WORK TASK: Please print nothing but the lines from the one with "Crystal Metal CC Heart Earrings Gold" to the last line of the records below, and omit pictures.

DATA TO PROCESS:
——————————

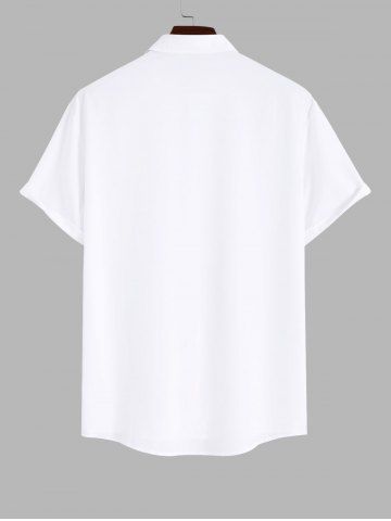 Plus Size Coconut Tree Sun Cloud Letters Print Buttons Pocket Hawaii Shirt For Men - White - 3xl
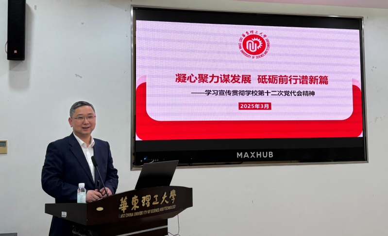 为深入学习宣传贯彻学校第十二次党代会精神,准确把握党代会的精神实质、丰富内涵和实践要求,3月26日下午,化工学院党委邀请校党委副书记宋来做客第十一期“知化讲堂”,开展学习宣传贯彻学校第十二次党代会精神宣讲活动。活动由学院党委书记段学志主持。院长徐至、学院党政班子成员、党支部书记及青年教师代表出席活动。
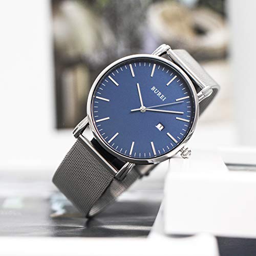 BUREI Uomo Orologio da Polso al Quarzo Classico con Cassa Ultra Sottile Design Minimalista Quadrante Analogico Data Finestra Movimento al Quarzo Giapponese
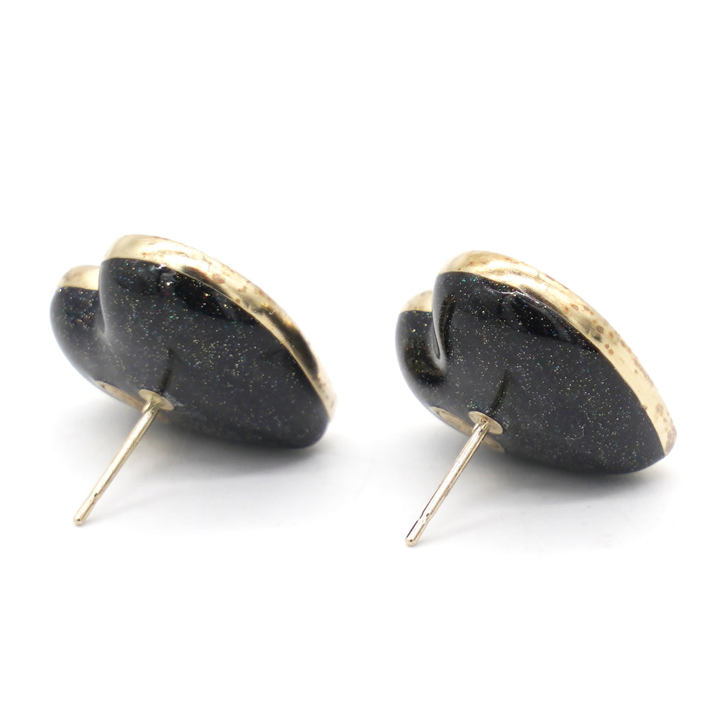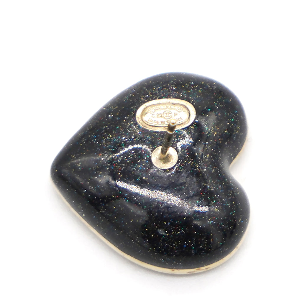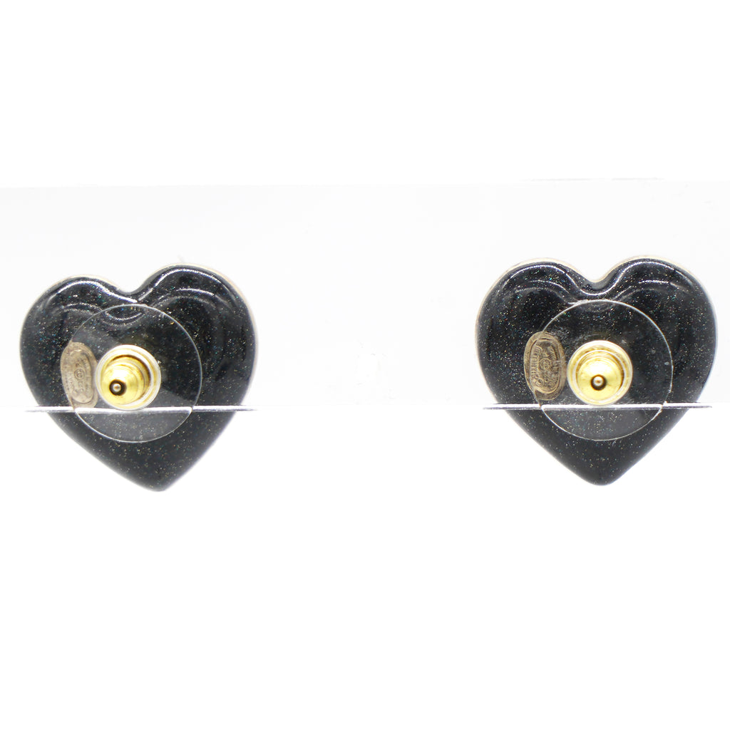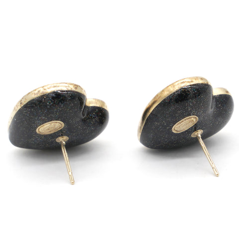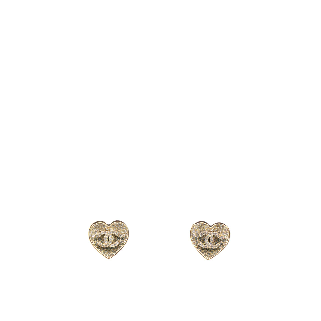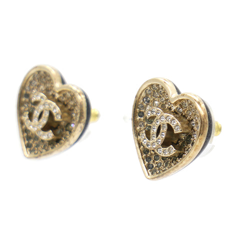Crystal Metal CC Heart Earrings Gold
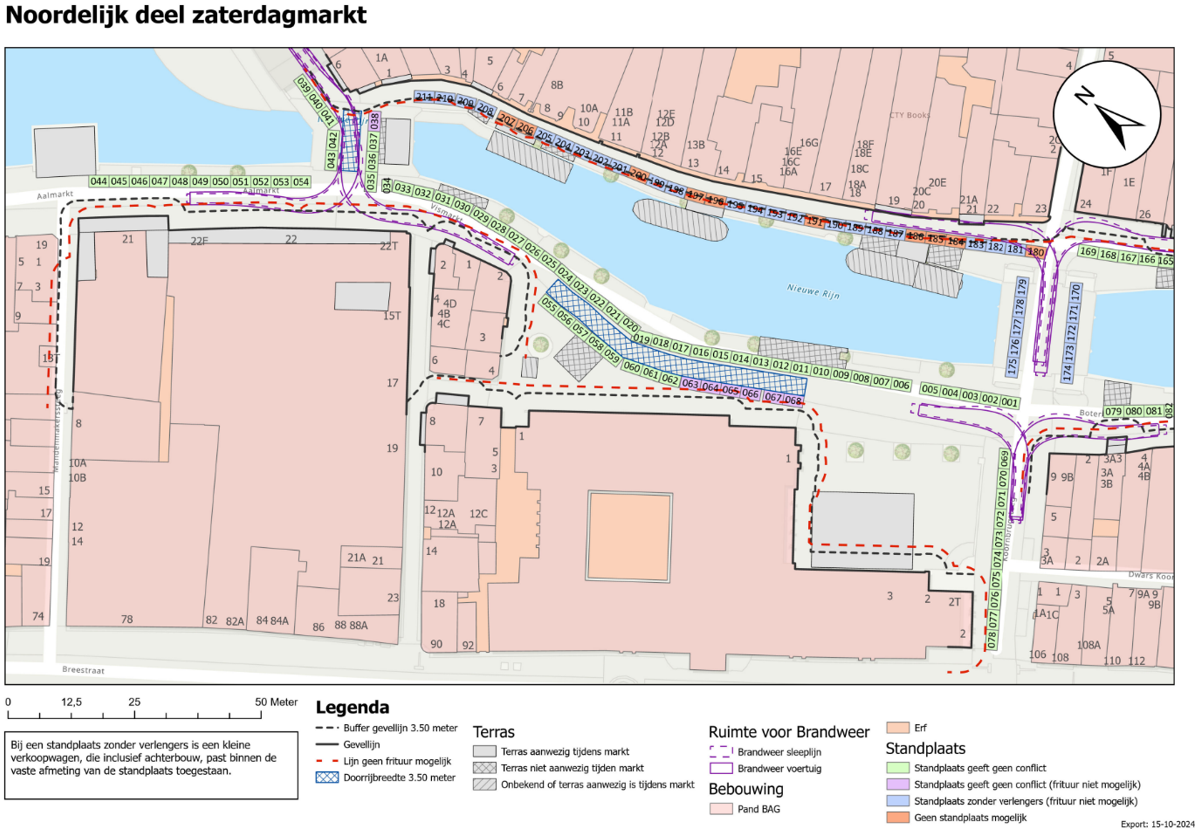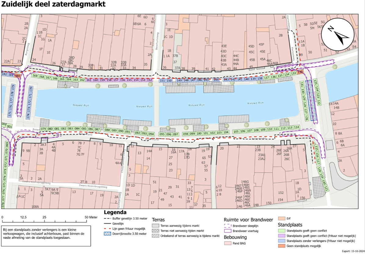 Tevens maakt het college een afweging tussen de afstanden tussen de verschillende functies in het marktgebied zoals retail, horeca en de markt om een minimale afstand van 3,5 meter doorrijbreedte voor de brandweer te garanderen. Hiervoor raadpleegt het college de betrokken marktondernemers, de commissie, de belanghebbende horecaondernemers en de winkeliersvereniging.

——————————

RESULT FOR THIS EXERCISE:
Crystal Metal CC Heart Earrings Gold
 Tevens maakt het college een afweging tussen de afstanden tussen de verschillende functies in het marktgebied zoals retail, horeca en de markt om een minimale afstand van 3,5 meter doorrijbreedte voor de brandweer te garanderen. Hiervoor raadpleegt het college de betrokken marktondernemers, de commissie, de belanghebbende horecaondernemers en de winkeliersvereniging.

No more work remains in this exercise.